• ABOUT THIS TASK:
Report every line below that has the string "paper" in it.

• MATERIAL TO PROCESS:
--- START ---

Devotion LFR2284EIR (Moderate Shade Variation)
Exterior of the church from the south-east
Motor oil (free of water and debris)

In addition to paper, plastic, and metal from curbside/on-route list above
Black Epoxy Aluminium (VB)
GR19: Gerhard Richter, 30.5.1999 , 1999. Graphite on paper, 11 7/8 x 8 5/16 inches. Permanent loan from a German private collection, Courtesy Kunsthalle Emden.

--- END ---
--- START ---

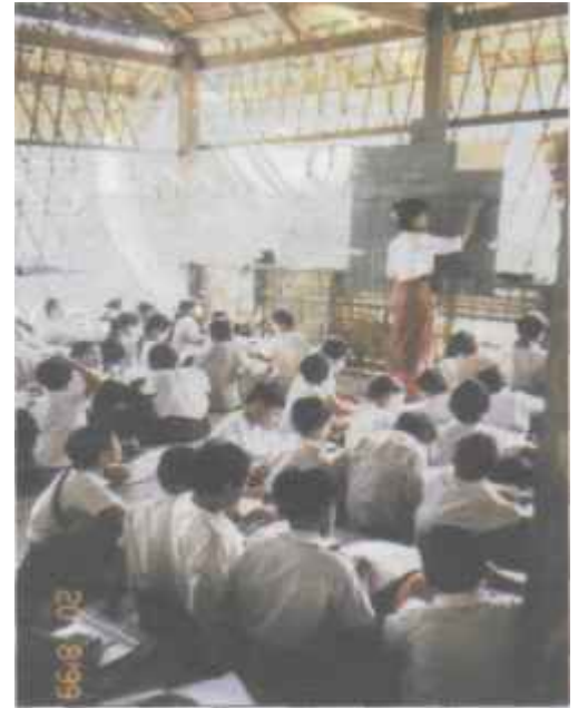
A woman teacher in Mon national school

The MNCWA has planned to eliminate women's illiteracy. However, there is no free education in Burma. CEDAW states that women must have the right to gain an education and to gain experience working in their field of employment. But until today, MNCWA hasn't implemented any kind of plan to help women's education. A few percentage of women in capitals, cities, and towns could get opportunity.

--- END ---

• ANSWER SPACE:
In addition to paper, plastic, and metal from curbside/on-route list above
GR19: Gerhard Richter, 30.5.1999 , 1999. Graphite on paper, 11 7/8 x 8 5/16 inches. Permanent loan from a German private collection, Courtesy Kunsthalle Emden.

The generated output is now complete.